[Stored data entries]
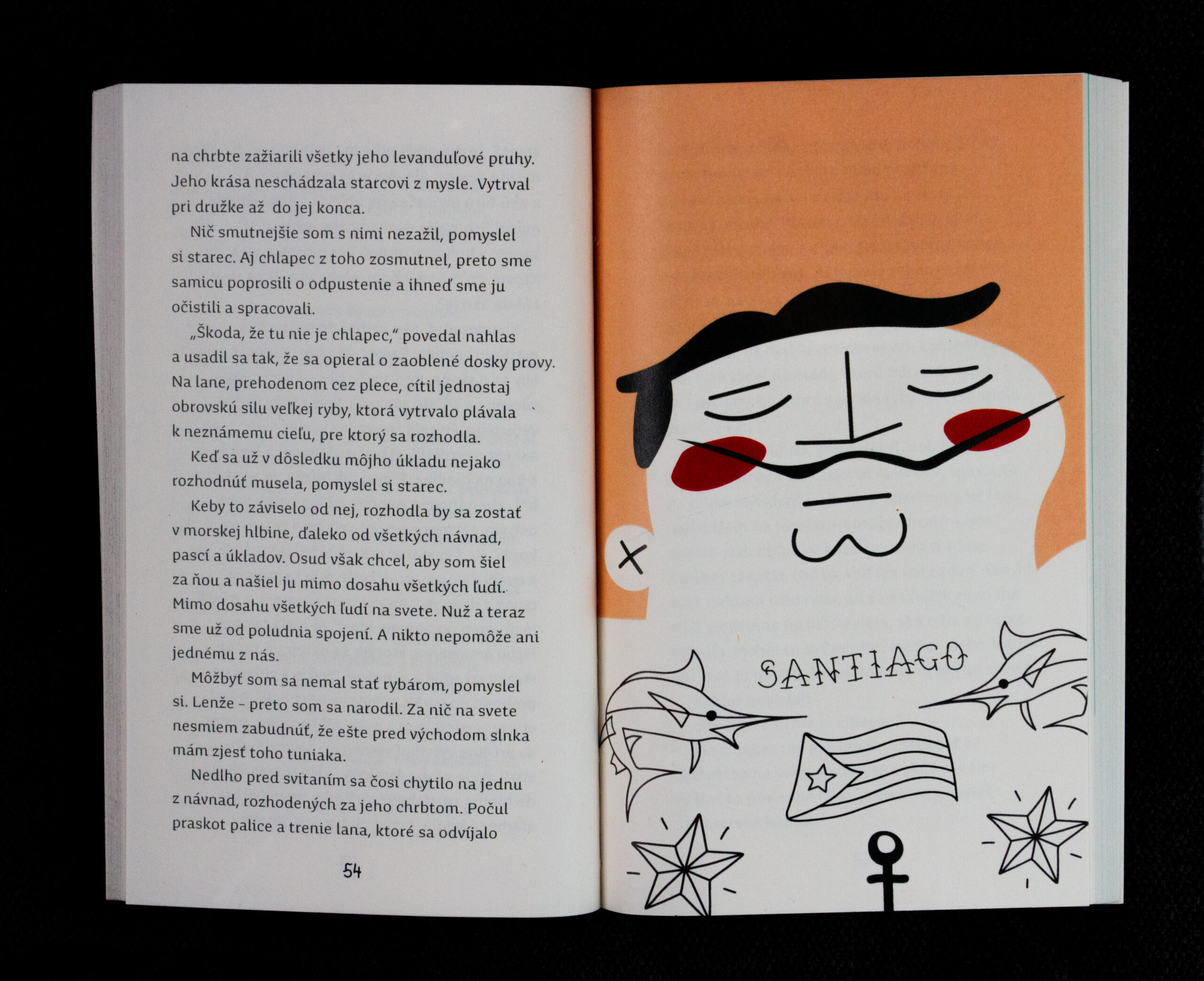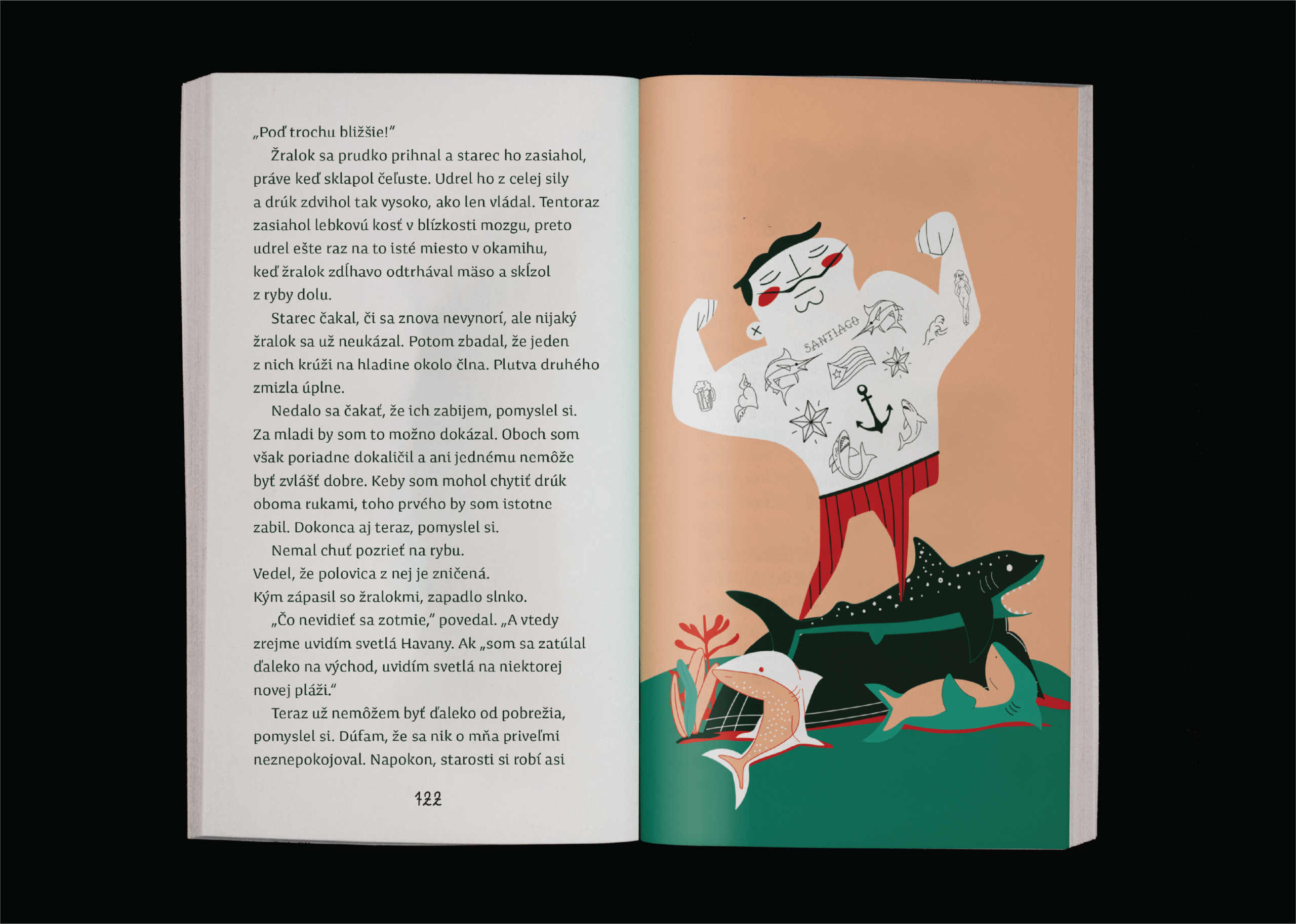 V dnešnej dobe stredoškoláci, teda aj mladí ľudia neradi čítajú knihy alebo vo všeobecnosti čítanie i keď sa stretávajú v škole s povinným čítaním. Tento fakt ovplyvňuje aj výber príbehu a grafické spracovanie. S týmto projektom som sa chcela sústrediť nato, ako vizuálne prilákať mladých ľudí k čítaniu. Zvolila som príbeh od Ernesta Hemingwaya – Starec a more – na stredných školách je to aj medzi povinným čítaním. Vizuál som chcela prispôsobiť k tomu čo je v dnešnej dobe trendy medzi mladými, preto má napríklad hlavná postava (Santiago) tetovanie. Tieto tetovania reprezentujú hlavné črty príbehu ako napr. – kubánska vlajka nám pokazuje nato, že tento príbeh sa odohráva na Kube. Ďalšie prvky ako žralok, marlin, lev sú tiež klučovými informáciami.
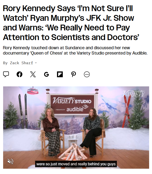 Kelsey Cook+FollowRory Kennedy Throws Shade at Ryan Murphy’s JFK Jr. Show 👀Rory Kennedy just dropped a bomb at Sundance, saying she’s not sure she’ll even watch Ryan Murphy’s new JFK Jr. series. She was super close to John and seems worried the show might get the story wrong. Fans are already debating if Murphy will respect the Kennedy legacy or just go for drama. This could get messy! #Entertainment #Movies #RoryKennedy00Share
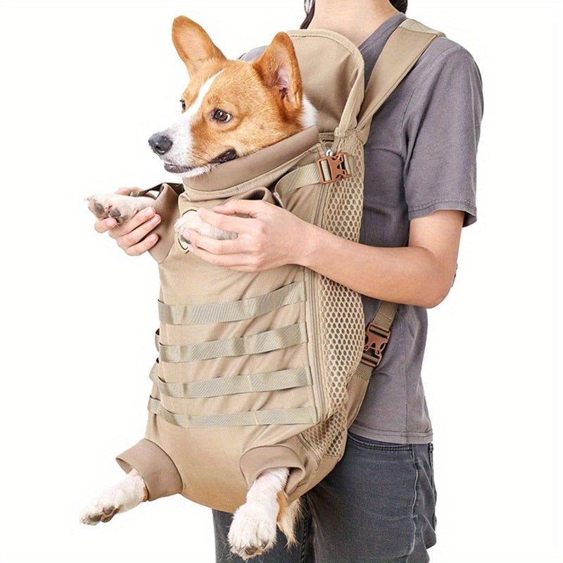 Dog Carrier Tactical Backpack for Small Medium Dogs, Soft HandsFree Legs Out Pet Front Cat Dog Carrier Backpack Travel Bag for Outdoor Traveling Hiking Camping (Large, Khaki)
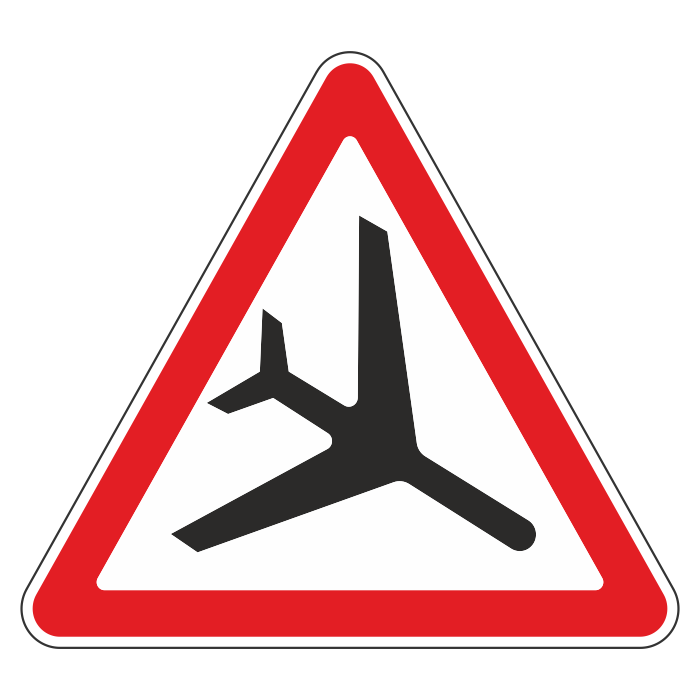 Дорожный знак 1.30 «Низколетящие самолеты» (металл 0,8 мм, III типоразмер: сторона 1200 мм, С/О пленка: тип В алмазная) в Ачинске купить
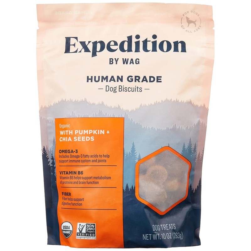 Imagine a treat that's not only incredibly delicious but also made with the same high-quality, organic ingredients you'd find in your own pantry. Wag Expedition Organic Human-Grade Dog Biscuits with Pumpkin & Chia Seeds in a 10-ounce bag offers just that: a premium, guilt-free snack designed for discerning pet parents who want nothing but the best for their furry companions. These biscuits are perfect for rewarding good behavior, supporting training, or simply showing your dog some extra love during your daily adventures.
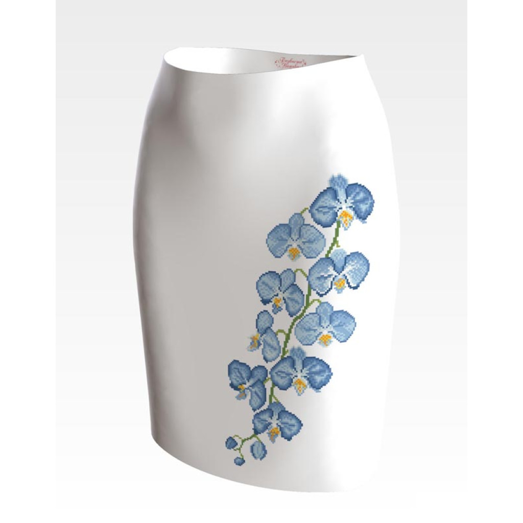 Заготовка для вишивки жіночої спідниці Блакитні орхідеї призначена для часткової зашивки бісером або нитками. Схема надрукована на шовковій тканині білого кольору екологічно чистими стійкими фарбами, що не змиваються після прання. Відрізи розкроєні з урахуванням запасів для зручного вишивання та подальшого пошиття виробу.
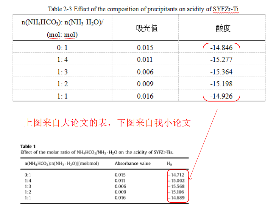 According to the formula in the paper, it is impossible to have H0 such high. I also failed to obtain the absorbance values as listed in the tables, no matter how hard I try. I was scolded by Zhang because of this. So these tables are all fake, and they are the basis of my analysis. One sees that the H0 in my paper is different from the values in the thesis. It was because the reviewer pointed out that the value doesn’t seem right, so Zhang asked me to make up another value. In fact, if one calculates with the formula in the paper used to compute H0, a logarithm with negative argument will appear in the computation, so it is just mathematically impossible.
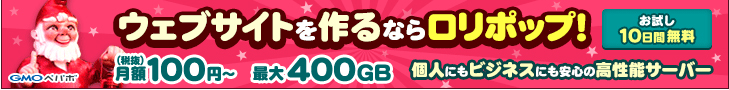 国内最大級の個人向けレンタルサーバー『ロリポップ!レンタルサーバー』は、 月額100円(税抜)~で容量最大400GB!しかも安いだけじゃなく 大人気WordPressの簡単インストール/ウェブメーラーなど 機能も満載!共有/独自SSLもバッチリ対応でセキュリティ対策も万全! もちろん、オンラインマニュアルやライブチャットなど、 充実したサポートで初心者の方でも安心です。 無料のお試し期間が10日間ありますので、 まずはお気軽にご利用してみてくださいね
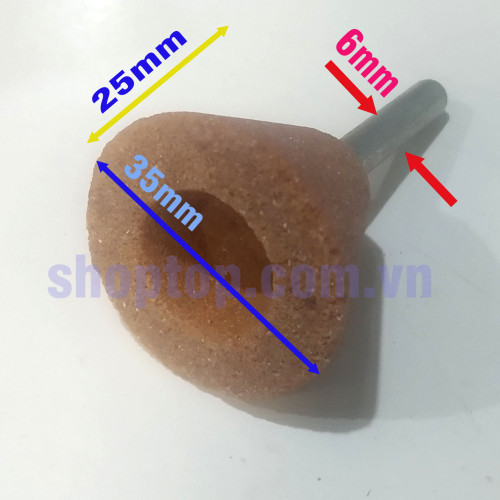 Tag: đá đầu mài hình chóp 35x25x6, đá đầu mài trục sắt, đá mài nâu hình nón chóp,
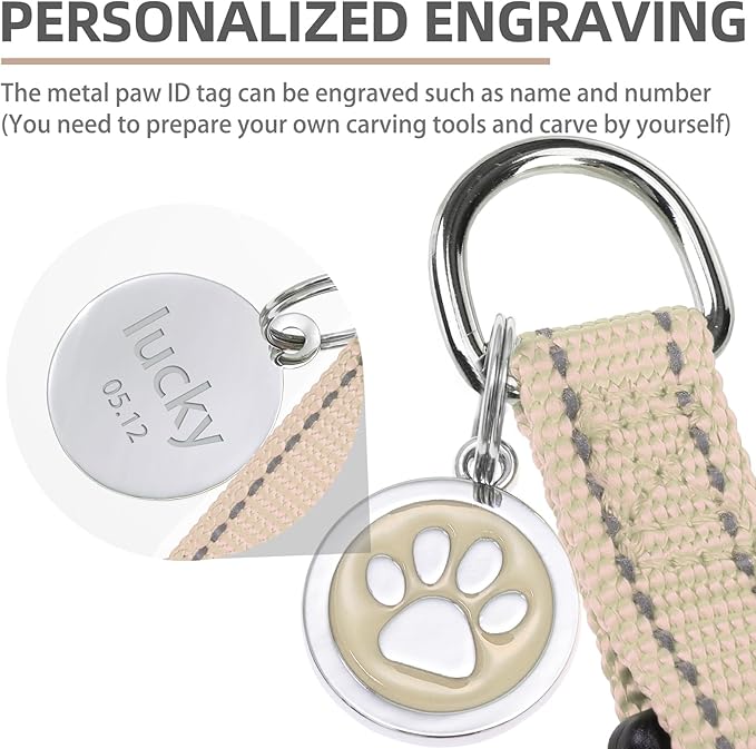 - [Cute ID Tag for DIY] - Each harness is equipped with a metal ID tag, and the front is a cute paw pattern, while on the back, you can engrave whatever you want, such as the dog's name and so on. It does not corrode as easily as wooden labels and is durable. You can also remove it when washing the harness.
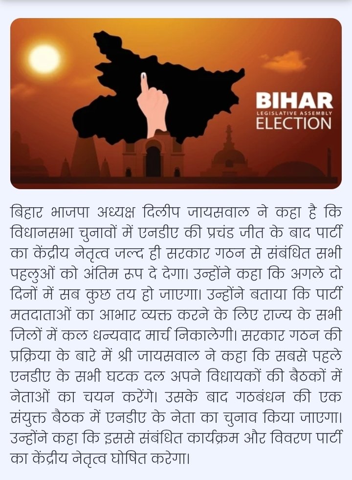 Newsleaders : बिहार: एनडीए की प्रचंड जीत के बाद केंद्रीय नेतृत्व जल्द सरकार गठन को अंतिम रूप देगा
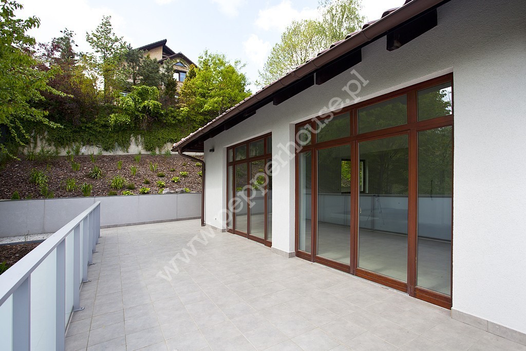 W parterowej części domu znajdują się przeszklony hol oraz przestrzeń do dalszej aranżacji. Na parterze domu toaleta, pomieszczenia gospodarcze i rekreacyjne. Do parterowej części domu należy taras o powierzchni 46 m2, z pięknym widokiem. Piętro domu to mocno doświetlona duża przestrzeń do aranżacji z ogromnymi oknami do podłogi, otwarta aż do zwieńczenia dachu (ponad 6 m wysokości), z wyjściem na piękny, widokowy taras od strony południowej (powierzchnia 34 m2). Oba tarasy idealne do zabaw dla dzieci, relaksu, ćwiczeń Na piętrze znajduje się też sypialnia z wydzieloną garderobą. Obok niej jasna łazienka. Osobna toaleta obok. Obie kondygnacje posiadają przygotowaną infrastrukturę niezbędną w kuchni oraz salonie.

▶ [Exercise aim]:
The answer should consist only of the lines above from the one with "Дорожный знак 1.30" through the one with "Заготовка для вишивки", repeated exactly, with no pictures among them.

▶ [Problem solution]:
 Дорожный знак 1.30 «Низколетящие самолеты» (металл 0,8 мм, III типоразмер: сторона 1200 мм, С/О пленка: тип В алмазная) в Ачинске купить
 Imagine a treat that's not only incredibly delicious but also made with the same high-quality, organic ingredients you'd find in your own pantry. Wag Expedition Organic Human-Grade Dog Biscuits with Pumpkin & Chia Seeds in a 10-ounce bag offers just that: a premium, guilt-free snack designed for discerning pet parents who want nothing but the best for their furry companions. These biscuits are perfect for rewarding good behavior, supporting training, or simply showing your dog some extra love during your daily adventures.
 Заготовка для вишивки жіночої спідниці Блакитні орхідеї призначена для часткової зашивки бісером або нитками. Схема надрукована на шовковій тканині білого кольору екологічно чистими стійкими фарбами, що не змиваються після прання. Відрізи розкроєні з урахуванням запасів для зручного вишивання та подальшого пошиття виробу.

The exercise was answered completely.